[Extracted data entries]
=== Section Start ===
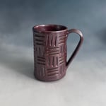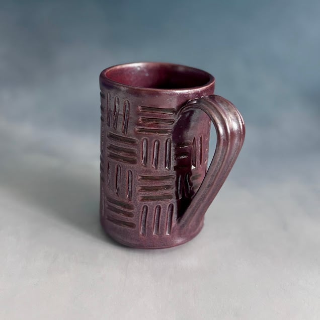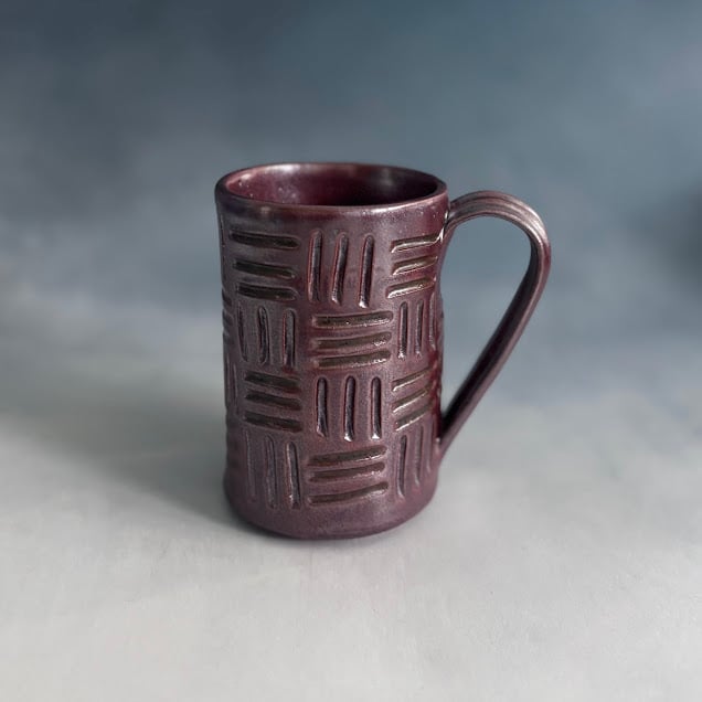 A study in texture and rich color, this mug features a stunning, all-over hand-carved basket-weave pattern. The deep, sparkling brick red glaze settles into the grooves of the texture, creating a beautiful depth across the surface. Its straight lines and comfortable handle give it a modern, yet timeless, rustic appeal. A perfect mug for hands-on, mindful sipping. It's a perfect companion to the Wavy Handle mug.
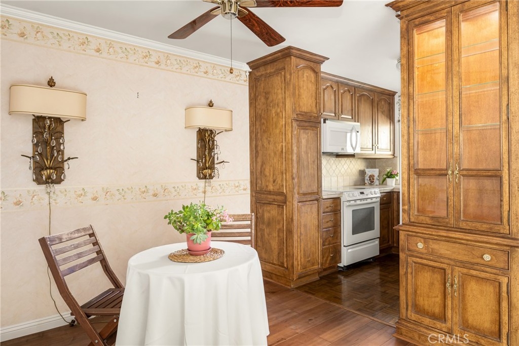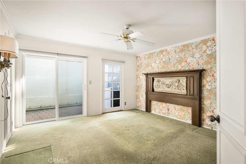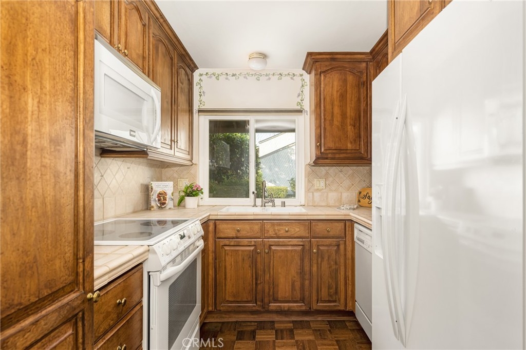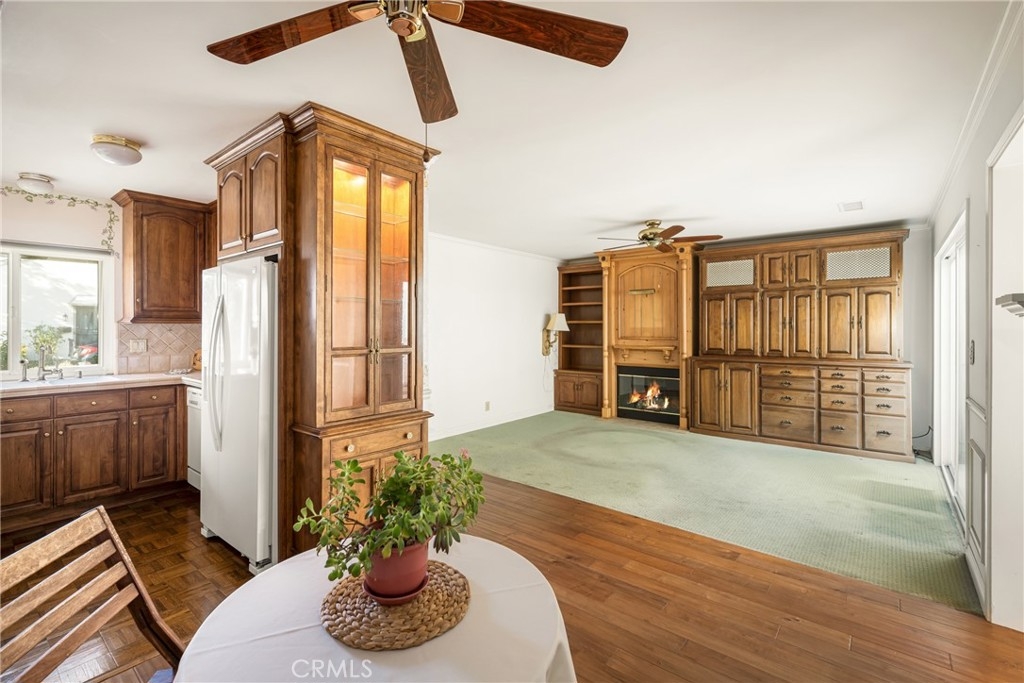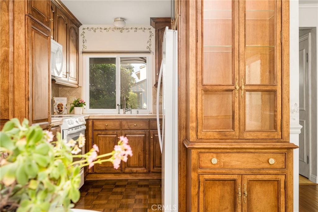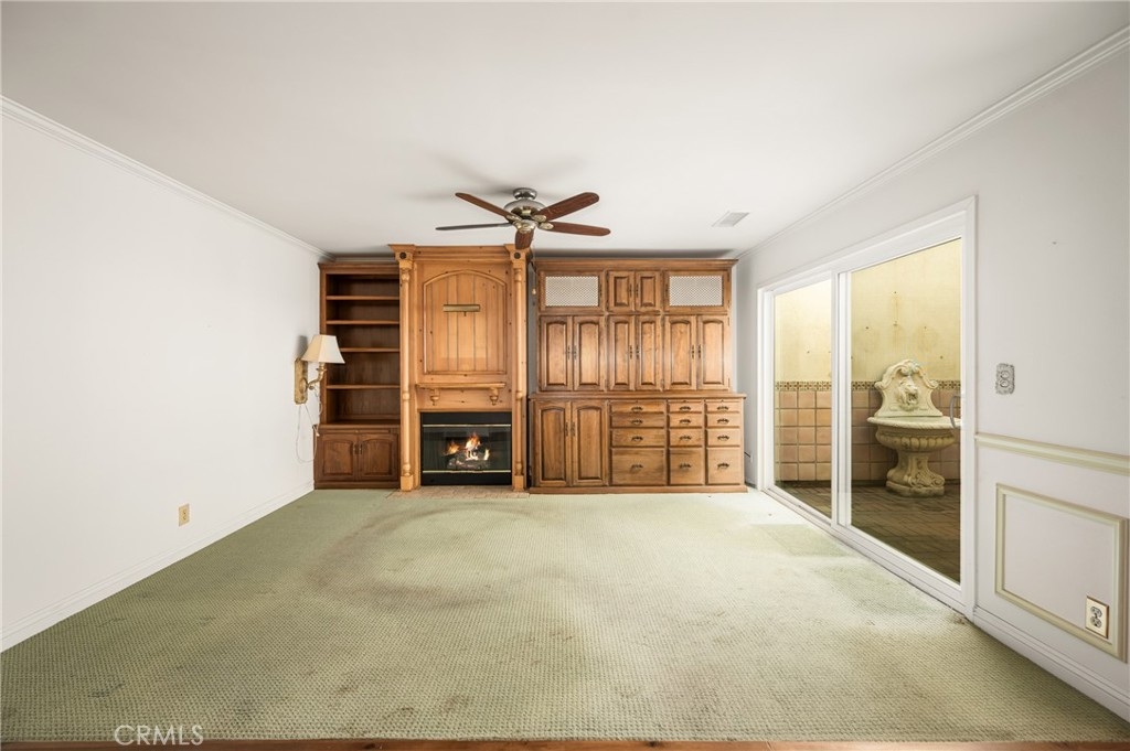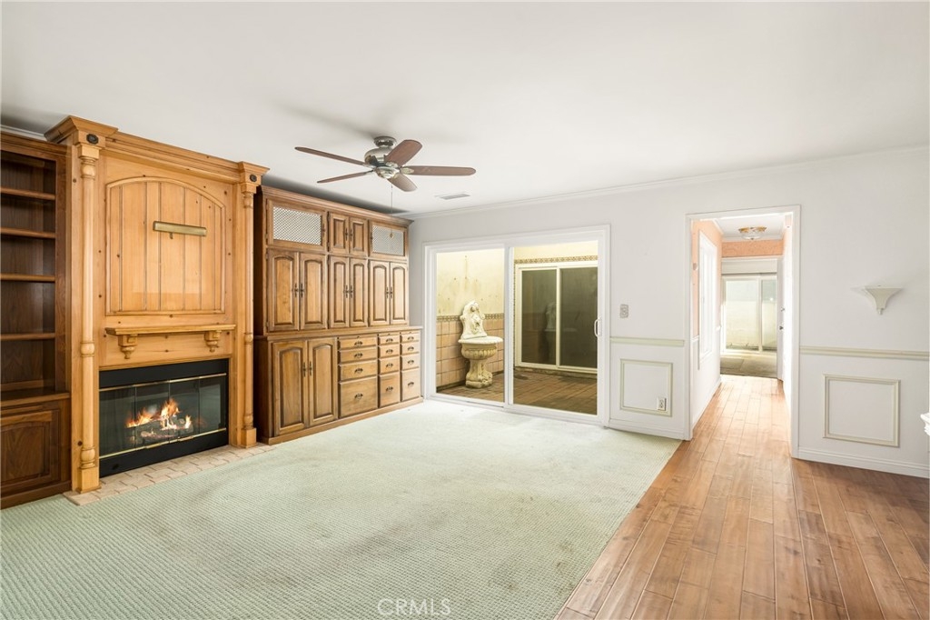 Welcome to the Park Tustin Community where properties seldom hit the market! This 2 bed, 2 bath single level condo is nestled in a highly desirable neighborhood close to shopping, dining, freeway access and sought after schools. The front living room boasts a beautiful custom built-in entertainment center complete with fireplace & bookshelves creating a warm and relaxing atmosphere. The adjacent dining area with wood plank laminate flooring features a built-in buffet cabinet to display your special treasures. The chef of the home will love the kitchen with rich wood cabinets, tiled counter tops & backsplash, and white appliances. The guest bath with tub has a custom wallpapered mural and dark wood vanity. The rear primary bedroom with attached bathroom has access to the fenced rear patio with artificial turf and stone paver sitting area. A beautifully tiled walk-in shower with glass enclosure is located in a separate area from the custom vanity and changing area. The 2nd bedroom offers large built-ins and a desk area for working from home, or a great reading retreat. The center atrium with access from the living room and 2nd bedroom, allows wonderful natural light to flow through the home. A European fountain adds to the charm of this additional outdoor space. An attached 1-car garage houses the washer and dryer hook ups and an extra parking space is conveniently located just outside the front door. Air conditioning, dual pane windows and doors, ceiling fans, walk-in closet, wood wainscoting and more! This community also offers an association pool, spa and clubhouse for your enjoyment!
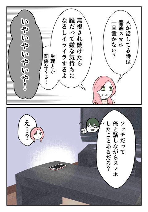 前回、「スマホを一旦やめて」と言ったサクラに、「なにイライラしてんの?生理?(ニヤニヤ)」と反応したファビオ君(もうその返事が無理っ!)。
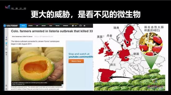 左边这个图是美国的甜瓜被李斯特菌感染,死亡34人的新闻,右边这个是德国的黄瓜或者是葫芦巴的种子被致病性大肠杆菌污染,死亡50多人的新闻。李斯特菌是致病性菌,如果是孕妇感染李斯特菌,那么会有50%的概率造成胎儿流产或者死胎。此外,因为李斯特菌的潜伏期可以长达一个月,也就是说当一个年轻女性流产之后,她可能想不到原来流产的原因是一个月前吃了一个被李斯特菌污染的食物,比如说三明治。她会想什么呢?我昨天吃啥了,是不是食物相克了?其实不是的。
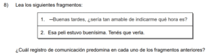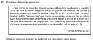 Examen de Español 9no /10 Examen de 9no - Español 1 Este examen para practicar Español de Noveno. 1 / 10 1) Los testimonios son poco confiables si ha pasado mucho tiempo del evento. 2) Los recuerdos son producto de experiencias pasadas y conocimientos generales. 3) La memoria es la grabación de un conjunto de recuerdos pasados. 2 / 10 1) todas las prácticas existentes para proteger el medioambiente. 2) una práctica de acumulación y reemplazo de bienes y servicios. 3) el consumo responsable y ajustado a las necesidades reales. 3 / 10 1) autoridad. 2) multitud. 3) fuerza. 4 / 10 1) 1 Informal 2 Formal 2) 1 Formal 2 Informal 3) 1 Formal 2 Formal 5 / 10 1) exponer la técnica empleada por la zarigüeya para escapar de sus depredadores. 2) mostrar el comportamiento salvaje e involuntario de la zarigüeya ante el peligro. 3) recalcar que la zarigüeya no es un aperitivo para sus depredadores. 6 / 10 1) Tiende a las oraciones largas. 2) Utiliza un léxico más variado. 3) Suele utilizar fórmulas de confianza. 7 / 10 1) 1 Informal 2 Informal 2) 1 Informal 2 Formal 3) 1 Formal 2 Informal 8 / 10 1) el aumento de la población urbana agrava el problema de la basura. 2) evidencia la desigualdad social en detrimento de las clases desprotegidas. 3) la disminución de las fuentes de trabajo genera el abandono de los niños. 9 / 10 1) 1 traerá 2 dijieron 2) 1 trajió 2 dicieron 3) 1 trajo 2 dijeron 10 / 10 1) estaba muy emocionado. 2) sentía mucho calor. 3) tenía la piel seca. Déjanos tus datos para que puedas aprender con nuestros profesionales Tu puntación es 0% Reinicia el cuestionario Salir Clic para volver a pagina principal
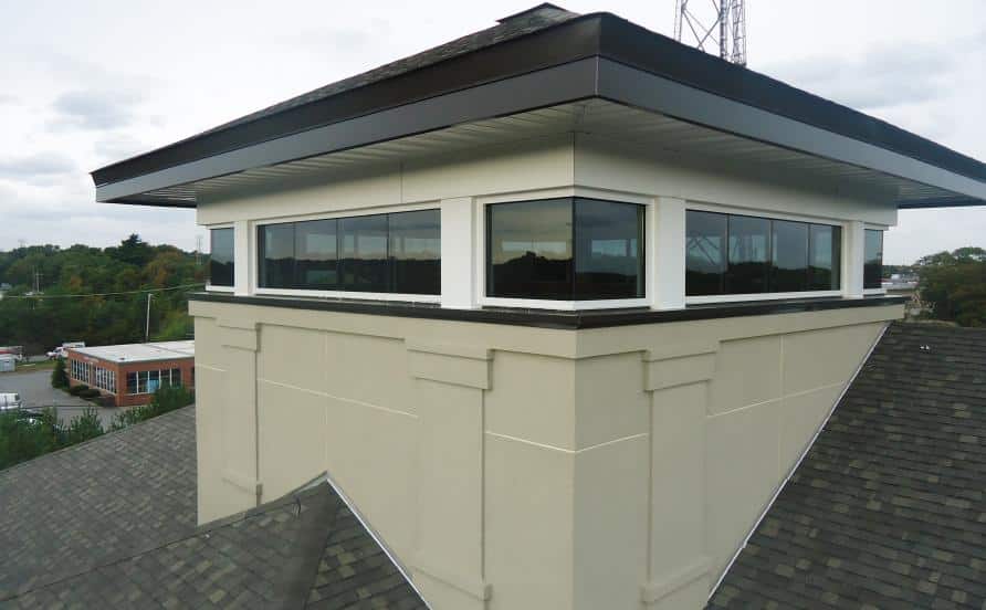 This project replaced a failing standing seam roof with fiberglass shingles, replaced the leaking cupola windows, and addressed long standing water penetration issues on the facade. A snow belt and fence were introduced to address falling snow issues at the facility.
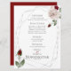 Watercolor Wedding Menu | Dusty blush roses accented with cabernet red rose buds surround a geometric terrarium style silver frame. Reverse is a complimentary cabernet wine red. Customize text, font style, color and size. Original artwork created for the BarefootBride™ by © WhimsicalArtwork™ - This is part of a complete Wedding Stationery Suite with matching wedding, baby shower and other event stationery.
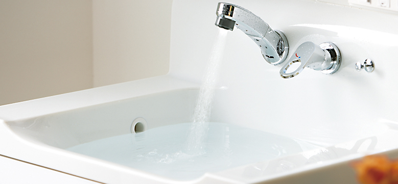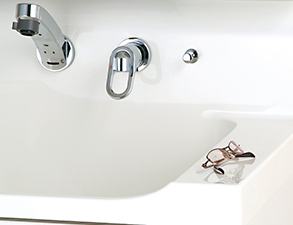 水栓金具が上部についている事で、洗面ボウルの奥行きを大きくすることが
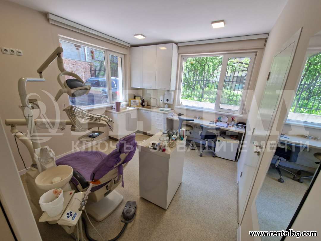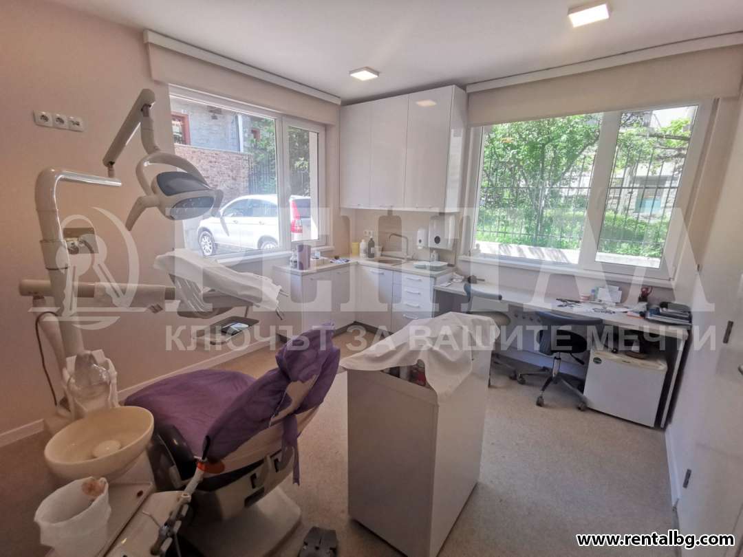 оферта 232501 ЕКСКЛУЗИВНО от Агенция Рентал, предлагаме под наем оборудван стоматологичен кабинет с площ 55 кв.м. и с възможност за създаване на лекарски кабинет до него. Кабинетите са с два различни входа. Кабинетът се до Медицинския Университет на много комуниникативно място, изцяло оборудван, окабелен, разполагащ 3 климатик, 2 тоалетни и чакалня. Агенцията разполага с ключ, за вашето удобство. За повече информация и огледи, моля свържете се с нас!
=== Section End ===
Requirement. Pictures in the entries do not go into the copy. Print only the lines starting at the one containing "Examen de Español" and ending at the one containing "This project replaced", exactly as they appear.

Exercise solution.
 Examen de Español 9no /10 Examen de 9no - Español 1 Este examen para practicar Español de Noveno. 1 / 10 1) Los testimonios son poco confiables si ha pasado mucho tiempo del evento. 2) Los recuerdos son producto de experiencias pasadas y conocimientos generales. 3) La memoria es la grabación de un conjunto de recuerdos pasados. 2 / 10 1) todas las prácticas existentes para proteger el medioambiente. 2) una práctica de acumulación y reemplazo de bienes y servicios. 3) el consumo responsable y ajustado a las necesidades reales. 3 / 10 1) autoridad. 2) multitud. 3) fuerza. 4 / 10 1) 1 Informal 2 Formal 2) 1 Formal 2 Informal 3) 1 Formal 2 Formal 5 / 10 1) exponer la técnica empleada por la zarigüeya para escapar de sus depredadores. 2) mostrar el comportamiento salvaje e involuntario de la zarigüeya ante el peligro. 3) recalcar que la zarigüeya no es un aperitivo para sus depredadores. 6 / 10 1) Tiende a las oraciones largas. 2) Utiliza un léxico más variado. 3) Suele utilizar fórmulas de confianza. 7 / 10 1) 1 Informal 2 Informal 2) 1 Informal 2 Formal 3) 1 Formal 2 Informal 8 / 10 1) el aumento de la población urbana agrava el problema de la basura. 2) evidencia la desigualdad social en detrimento de las clases desprotegidas. 3) la disminución de las fuentes de trabajo genera el abandono de los niños. 9 / 10 1) 1 traerá 2 dijieron 2) 1 trajió 2 dicieron 3) 1 trajo 2 dijeron 10 / 10 1) estaba muy emocionado. 2) sentía mucho calor. 3) tenía la piel seca. Déjanos tus datos para que puedas aprender con nuestros profesionales Tu puntación es 0% Reinicia el cuestionario Salir Clic para volver a pagina principal
 This project replaced a failing standing seam roof with fiberglass shingles, replaced the leaking cupola windows, and addressed long standing water penetration issues on the facade. A snow belt and fence were introduced to address falling snow issues at the facility.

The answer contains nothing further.